Antitumor effect in vivo

Female nude mice, 6 weeks old, were purchased from Charles River Breeding Laboratories (Yokohama, Japan) and maintained in a specific pathogen-free barrier facility according to our institutional guidelines. DU-145 cells (8 × 106) were trypsinized and resuspended with or without PrSCs (8 × 106) in 0.3 ml of 10% fetal bovine serum/DMEM and then combined with 0.5 ml of growth factor-reduced Matrigel (BD Biosciences, San Jose, CA, USA). A total of 100 μl of the cell suspension (1 × 106 cells) was injected subcutaneously in the left lateral flank of mice. Five mice were used for each experimental set.
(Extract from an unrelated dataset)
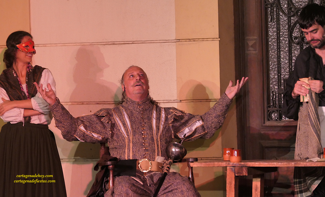 Hace un año se estrenó la versión de 80 minutos creada por 'Ditirambo' para relatar las andanzas de Don Juan Tenorio a pie de calle, en concreto, en el corazón de la ciudad de Cartagena con gran éxito y este año ha vuelto a responder a la altura esperada, con una magnífica puesta en escena de los actores sobre el escenario montado ante la histórica fachada de la Real Sociedad Económica de Amigos del País, frente a la iglesia de Santa María.

Tumor volume was estimated using the following formula: tumor volume (mm3)=(length × width2)/2. After the indicated times, tumors were surgically dissected.

Analytical measurement

Optical rotations were measured on a JASCO P-1030 polarimeter (JASCO, Tokyo, Japan). UV spectra were recorded on a Hitachi 228 A spectrometer (Hitachi, Tokyo, Japan). 1H and 13C NMR spectra were measured on a JEOL JNM A400 spectrometer (JEOL, Tokyo, Japan) using TMS as an internal standard. HRESI-MS spectra were measured with a JEOL JMS-T100LC spectrometer (JEOL).

Fermentation

Fungal strain, P. melioloides Mer-f16716, was isolated from a soil sample collected from Yakushima Island, Kagoshima prefecture, Japan. The sequence analysis of partial 28S rRNA (556 nucleotides) of this strain showed high identity with P. melioloides (99.3%). Thus, the strain Mer-f16716 was tentatively identified as a member of P. melioloides. The strain grown on an agar slant was inoculated into a 250-ml flask containing 25 ml of a seed medium consisting of 2% potato starch, 1% glucose, 2% Soypro (J-Oil Mills, Tokyo, Japan), 0.1% KH2PO4, 0.05% MgSO4 7H2O and three glass beads, and cultured at 25 °C for 3 days on a rotary shaker at 220 r.p.m. Seed culture (1 ml) was inoculated into a 500-ml flask containing 60 ml of a culture medium consisting of 4% dextrin hydrate, 1% Bacto Peptone (BD Biosciences), 2% Pharmamedia (Traders Protein, Memphis, TN, USA), 0.5% Extract Ehlrich (Wako Pure Chemical Industries), 0.29% NaCl, 0.06% MgSO4 7H2O, 0.05% MgCl2 6H2O, 1% mineral solution (solution of 0.725% KCl, 0.097% KBr, 0.026% H3BO3, 0.00395% KF, 0.00008% KI, 0.001475% CaCl2 2H2O and 0.0215% SrCl2 6H2O) (adjusted at pH 7.2 before sterilization) and cultured at 25 °C for 4 days on a rotary shaker at 220 r.p.m.